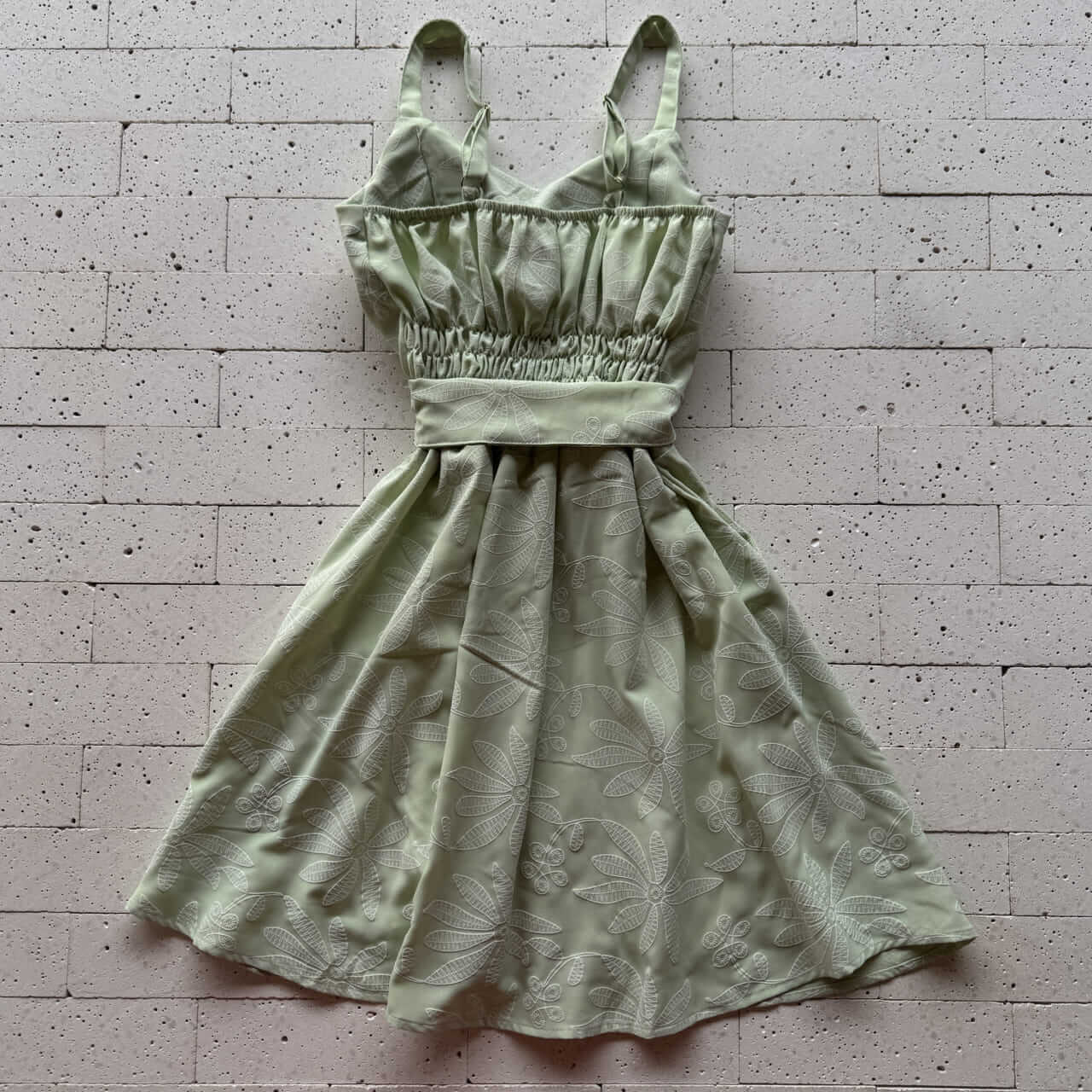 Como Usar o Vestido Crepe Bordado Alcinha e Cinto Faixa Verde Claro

==

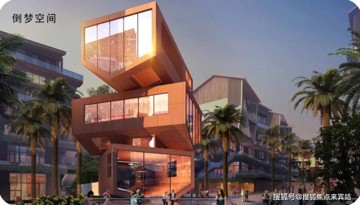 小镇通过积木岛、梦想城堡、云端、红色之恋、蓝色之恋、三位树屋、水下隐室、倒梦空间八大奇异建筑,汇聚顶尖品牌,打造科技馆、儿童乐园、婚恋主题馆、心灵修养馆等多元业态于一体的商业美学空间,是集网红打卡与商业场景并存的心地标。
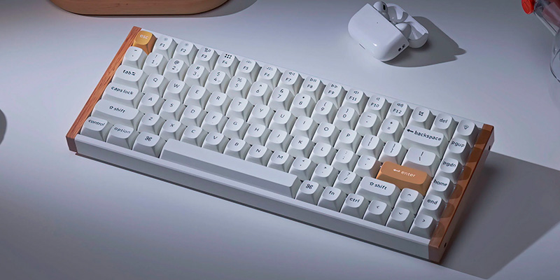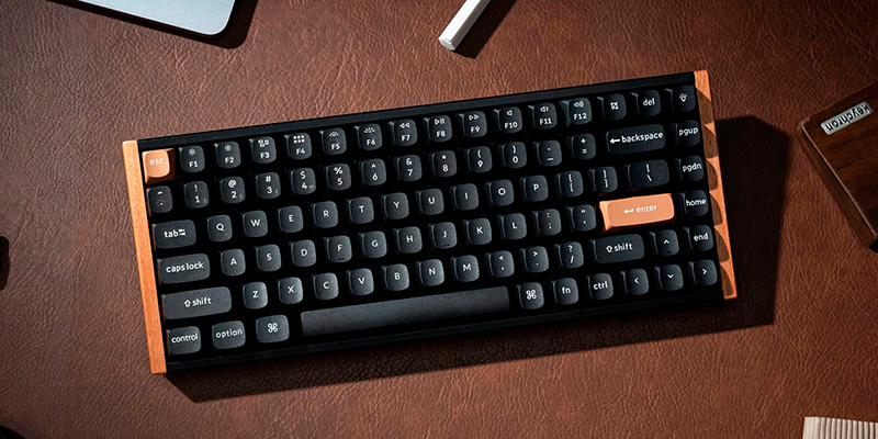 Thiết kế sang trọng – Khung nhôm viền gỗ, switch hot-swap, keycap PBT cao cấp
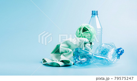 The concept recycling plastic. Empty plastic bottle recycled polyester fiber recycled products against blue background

» WORK TO BE COMPLETED:
Please set down, exactly and with no pictures, the lines in the entries above starting at the one holding "Thiết kế sang" and ending at the one holding "The concept recycling", ends included.

» OUTPUT FOR THIS TASK:
 Thiết kế sang trọng – Khung nhôm viền gỗ, switch hot-swap, keycap PBT cao cấp
 The concept recycling plastic. Empty plastic bottle recycled polyester fiber recycled products against blue background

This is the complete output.